According to Axios, OpenAI CEO Sam Altman reached out on Monday to Emil Michael, the undersecretary of Defense for research and engineering, to
rework part of the contract and add additional protections regarding the
surveillance of Americans. The deal terms now explicitly prohibit OpenAI's technology from being used on "commercially acquired" data, whereas the deal previously only referred to private information.

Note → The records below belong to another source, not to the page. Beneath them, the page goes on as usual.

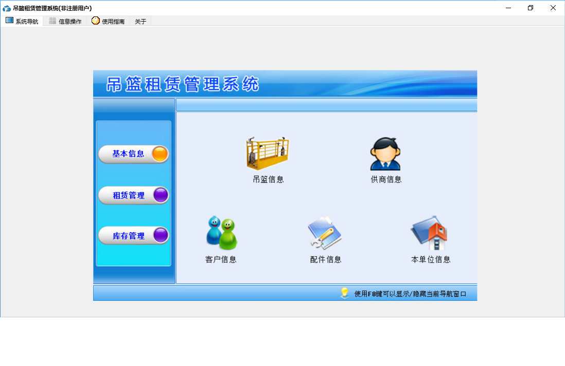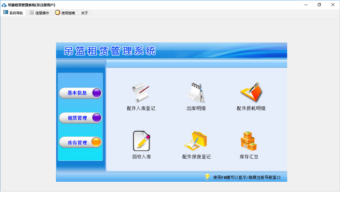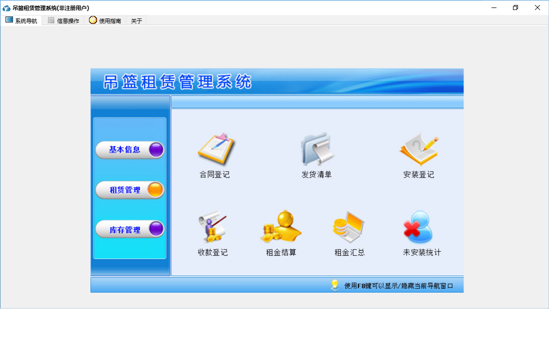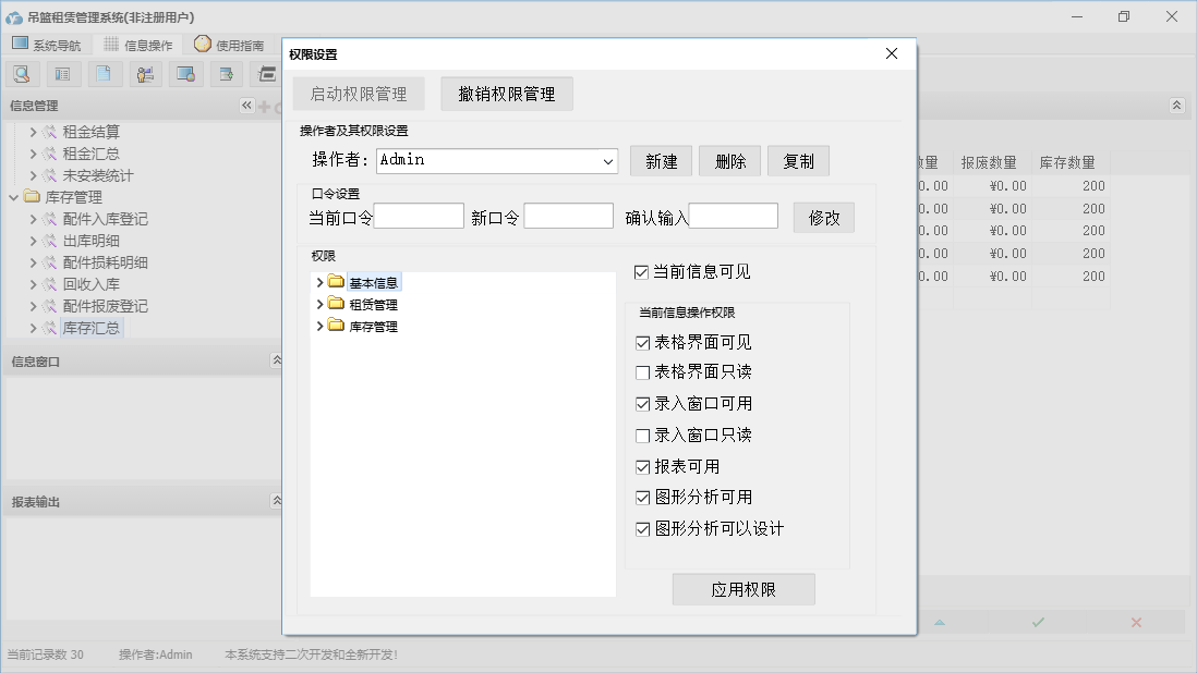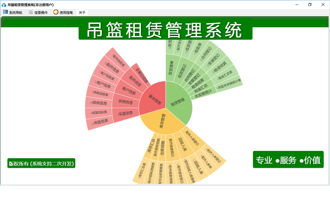 吊篮租赁管理系统包含以下功能:租金结算、配件入库登记、配件报废登记、安装登记、库存管理、日志、回收入库、关于、合同登记、租赁管理、基本信息、权限设置、客户信息、收款登记、发货清单、吊篮信息、配件信息、供商信息等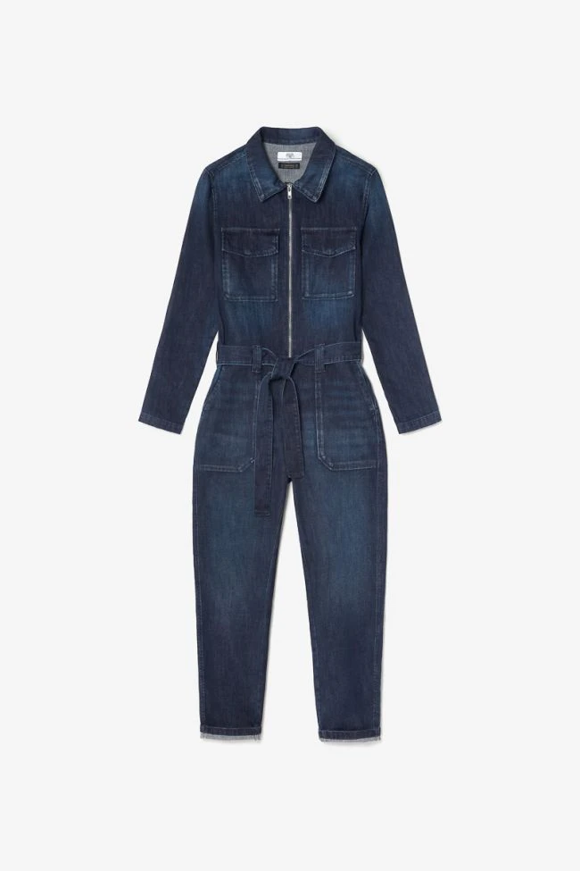 Cette combinaison vous donnera un look casual tendance avec sa coupe loose longue, ses grandes poches plaquées à l’avant, ses deux poches poitrine à rabat ainsi que sa fermeture zippée argentée en guise de fermeture. Pour plus de confort, une ceinture amovible en jeans complète la pièce.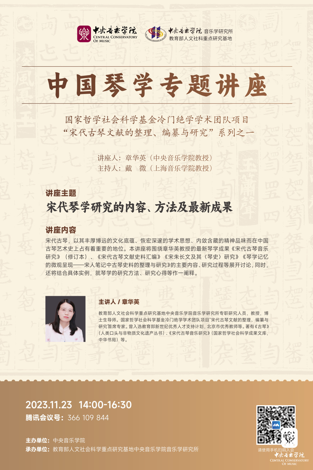 本次专题讲座主要阐释章华英教授近年来在宋代琴学方面的最新研究成果及研究心得、研究方法等。今后,本所还将陆续推出国内外知名琴家、学者的琴学专题讲座。

It was probably not lost on Altman that
Anthropic became the No.1 most downloaded app on the Apple App Store over the weekend, displacing ChatGPT, in the wake of the Pentagon deal news. In a note to OpenAI employees on Monday that Altman
later posted to X, he said he regretted moving so fast to "get this out" on Friday. "We were genuinely trying to de-escalate things and avoid a much worse outcome, but I think it just looked opportunistic and sloppy. Good learning experience for me as we face higher-stakes decisions in the future," Altman said. (He then
followed up in another post, with yet more thoughts).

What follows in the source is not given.